Students studying Arabic as a foreign language in the Southern Lehigh School District will have to head to the virtual classroom in the fall after federal sequestration forced funding cuts to a teacher exchange programs.
"The good news is the teacher we currently have on staff will head back to Egypt, but we've made arrangements for her to continue to teach our students remotely through K12 Blending Learning, an online provider," Superintendent Leah Christman told directors at Monday's school board meeting.
Christman said the remote learning details were being worked out, but that students who had studied Arabic in the classroom during the past two years would retain continuity in their studies.
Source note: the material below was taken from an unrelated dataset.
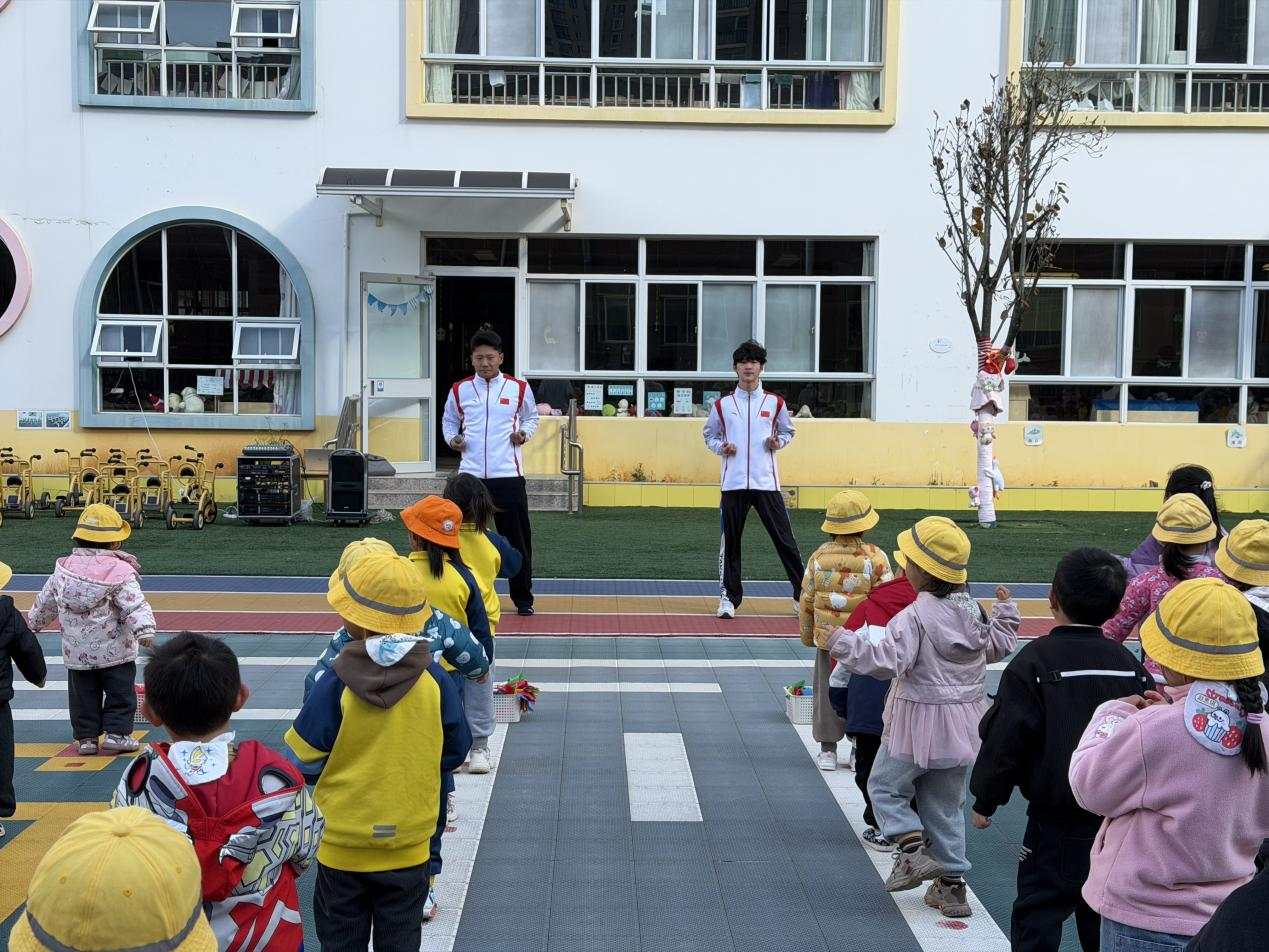 上午,活动以“专业示范”与“安全筑基”双线展开。在幼儿互动环节,运动机能优化中心团队为全园儿童呈现了一套根据学龄前儿童身心发展特点量身创编的武术启蒙操。

"Our students will have the benefit of a teacher they already know, and studies they are already engaged in," Christman said.
The Arabic teacher had been provided under the Teachers of Critical Languages Program through the U.S. Department of State.
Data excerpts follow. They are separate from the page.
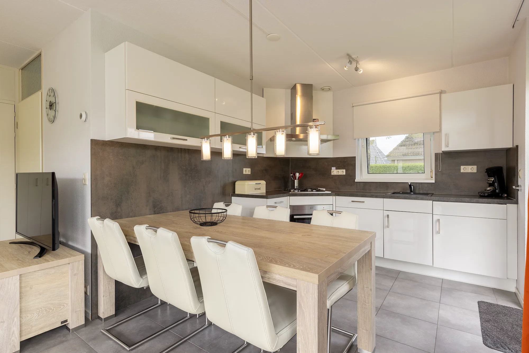 Als je hier verblijft met je gezin of vrienden, heb je alle ruimte. De woonkamer is licht en gezellig ingericht, met een zithoek en televisie. In een apart hoekje vind je een knusse bedstee voor twee volwassenen – perfect om ’s avonds in weg te kruipen! De open keuken met eethoek is compleet uitgerust met een vaatwasser, combimagnetron en koelkast met vriesvak. De badkamer beneden heeft een ligbad en regendouche, en er is een apart toilet. Handig: in de berging staan een wasmachine en droger tot je beschikking.
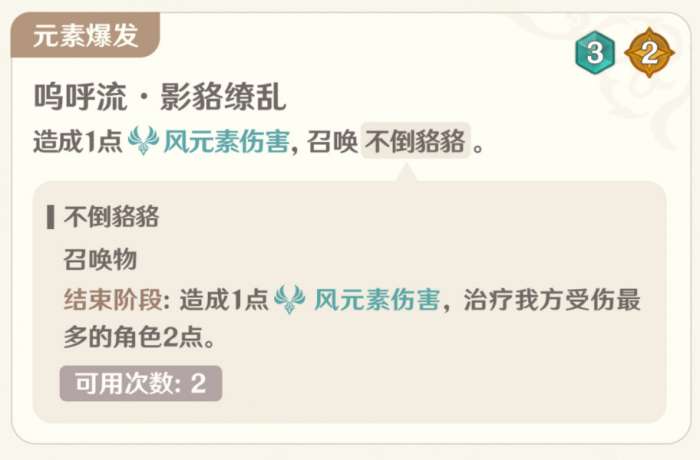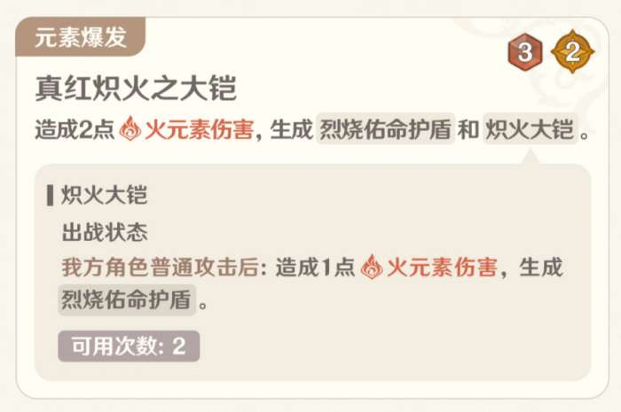 元素爆发3骰2充能,与行秋元素爆发非常接近,也是低数值协同攻击,附带了一点生存能力,但只有2可用次数,是用数值换的机制
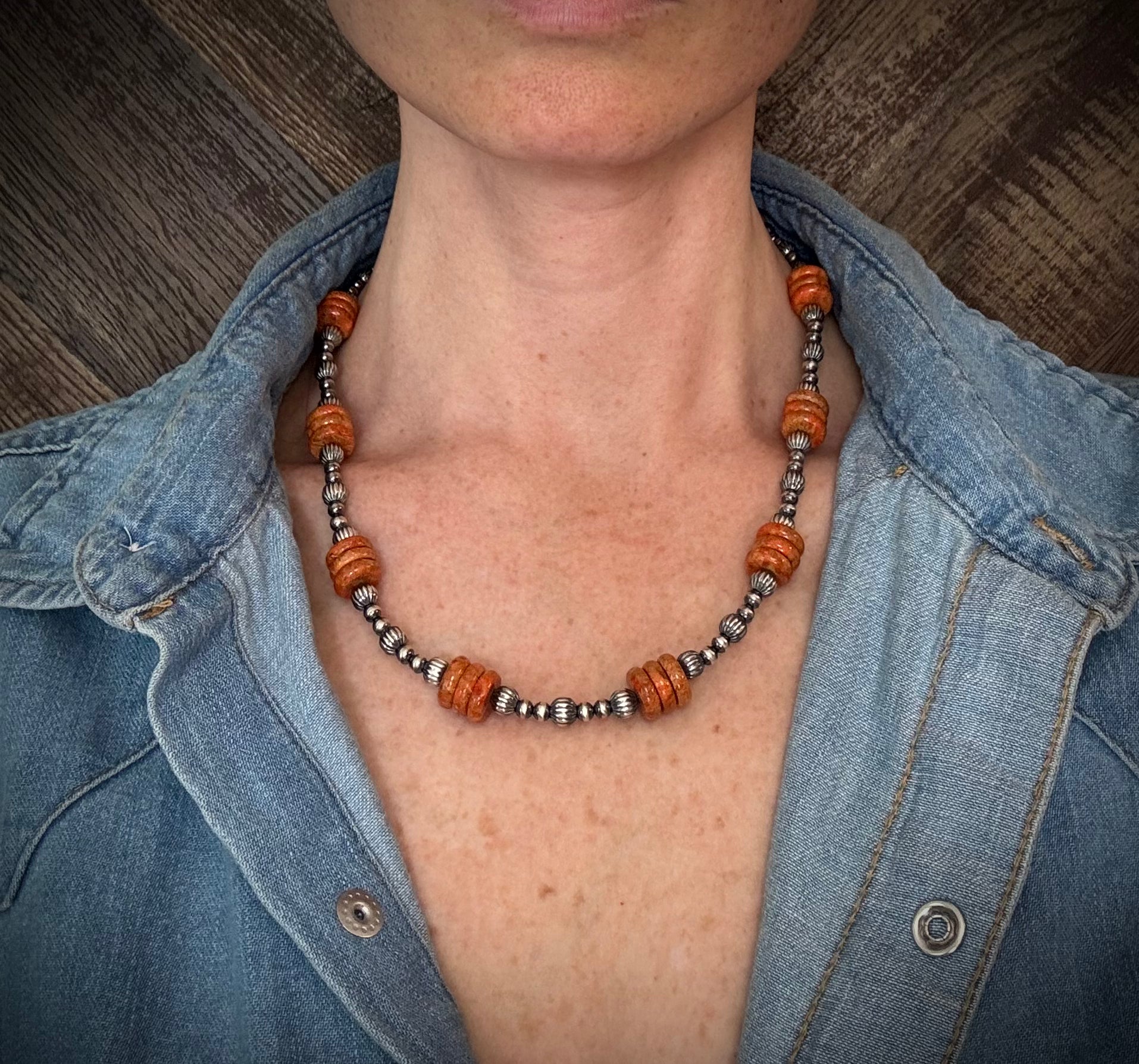 The Sterling Sun Strand brings warmth and edge to your stack. Featuring genuine apple coral button beads mixed with 4mm sterling silver round beads and 6mm sterling silver corrugated round beads, it’s a perfect mix of funky and refined. Bring a little fall color to your stack with this strand that feels both bold and beautifully balanced.

It is designed to increase the number of Americans teaching and studying Arabic and Mandarin. The district also has two teachers from China teaching Mandarin. In grades 7 to 12, there are 42 students studying Arabic, and 190 students studying Mandarin Chinese.
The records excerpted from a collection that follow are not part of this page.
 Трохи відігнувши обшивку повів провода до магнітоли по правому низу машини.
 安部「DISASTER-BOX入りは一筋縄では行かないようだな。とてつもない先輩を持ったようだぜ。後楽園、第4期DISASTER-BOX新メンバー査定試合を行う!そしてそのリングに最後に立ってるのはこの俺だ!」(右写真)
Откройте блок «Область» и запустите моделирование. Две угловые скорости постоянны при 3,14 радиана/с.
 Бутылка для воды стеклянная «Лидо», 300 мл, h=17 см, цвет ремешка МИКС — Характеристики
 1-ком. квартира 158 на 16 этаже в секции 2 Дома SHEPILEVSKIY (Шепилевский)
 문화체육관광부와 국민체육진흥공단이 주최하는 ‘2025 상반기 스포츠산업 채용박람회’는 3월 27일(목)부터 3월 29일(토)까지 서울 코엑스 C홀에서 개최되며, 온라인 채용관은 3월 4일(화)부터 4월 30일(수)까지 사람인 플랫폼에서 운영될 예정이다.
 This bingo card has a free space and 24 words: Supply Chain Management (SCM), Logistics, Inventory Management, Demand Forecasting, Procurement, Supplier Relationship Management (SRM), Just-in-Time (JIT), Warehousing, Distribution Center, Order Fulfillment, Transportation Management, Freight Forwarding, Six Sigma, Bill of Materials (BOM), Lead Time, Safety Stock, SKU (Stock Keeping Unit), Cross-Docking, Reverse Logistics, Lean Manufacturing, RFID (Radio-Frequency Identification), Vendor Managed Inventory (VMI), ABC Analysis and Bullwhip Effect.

About $1 million, or 30 percent of the funding, is slated to be cut next year.
Christman said the exchange program had originally planned to bring 24 Arabic teachers to the United States for the 2013-14 school year, but that the number was slashed to 16.
"We have had two consecutive years of Arabic exchange teachers, so that's one of the reasons we were dropped from the list for the fall," Christmas said.
The Southern Lehigh program is facilitated through the Berks County Intermediate Unit, Christman said.
Southern Lehigh plans to continue with live teachers in the Chinese classrooms with two new Chinese teachers, both males, arriving in the fall.
"This will be the first time we've had male exchange teachers," said director Dorothy Mohr.
In February 2012, the district reported enrollment of 151 students studying Arabic and Chinese through its foreign language exchange program.
In March, Christman was selected as one of the American interviewers sent to Egypt, to help with interviewing eligible applicants to come to the United States to teach in American classrooms.